**THE TASK:**
Your copy should contain exactly the lines from the start of the material through the line containing "- Pro montáž", and no pictures.

**RECORDED INFORMATION:**
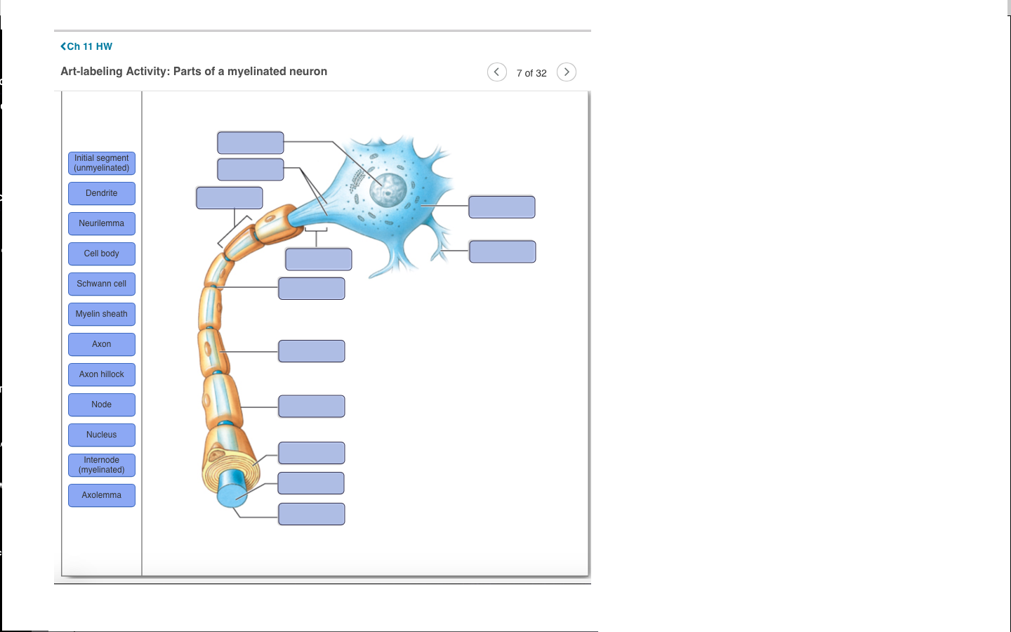 Solved Art-labeling Activity: Parts of a Myelinated | Chegg.com Art-labeling Activity: Parts of a Myelinated Peripheral Nervous System (PNS) Neuron Drag the labels onto the diagram to identify the parts of a myelinated PNS neuron. Reset Help Avon Ilock Nucleos Nodos Donde Initial segment (unmyelinated) Myolinated incomode Axolo Axon Myelin covering internode
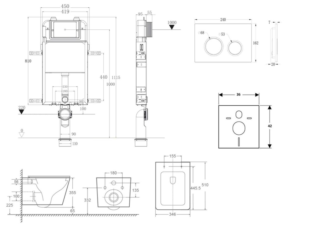 - Pro montáž závěsného WC s připojovací roztečí 180 mm
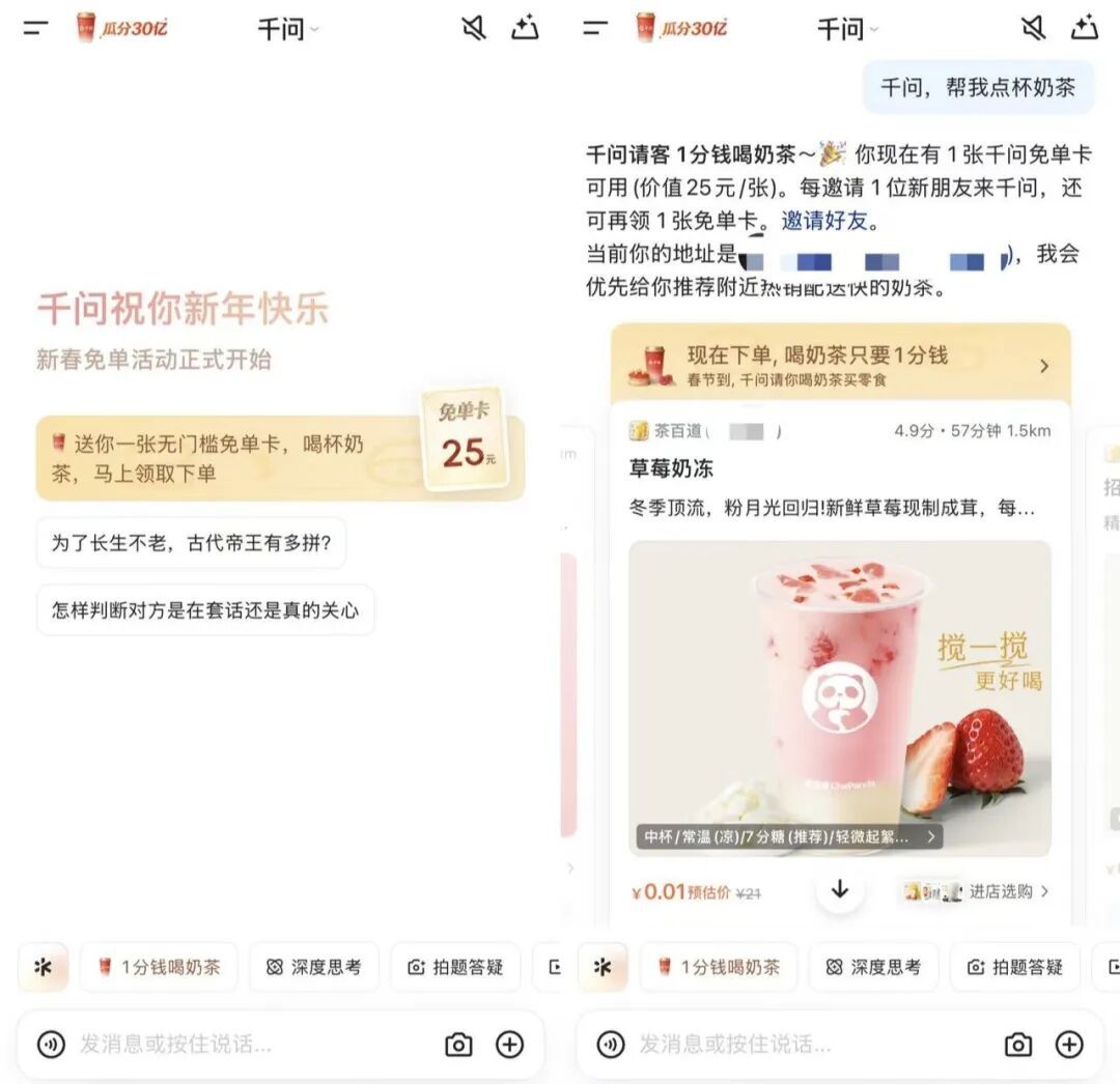 现在看来,经过一段时间的内测迭代,千问决定在春节节点全面开放相关能力。这次活动千问 APP 仍然延续了此前“会办事”的差异化打法。千问 APP 的 30 亿免单第一波不是直接发个现金红包,而是要借助购物免单的方式,通过吃喝玩乐的刚需和奶茶这个“引流爆品”,打造用户“有事找千问”的肌肉记忆。

**ANSWER TO THE EXERCISE:**
 Solved Art-labeling Activity: Parts of a Myelinated | Chegg.com Art-labeling Activity: Parts of a Myelinated Peripheral Nervous System (PNS) Neuron Drag the labels onto the diagram to identify the parts of a myelinated PNS neuron. Reset Help Avon Ilock Nucleos Nodos Donde Initial segment (unmyelinated) Myolinated incomode Axolo Axon Myelin covering internode
 - Pro montáž závěsného WC s připojovací roztečí 180 mm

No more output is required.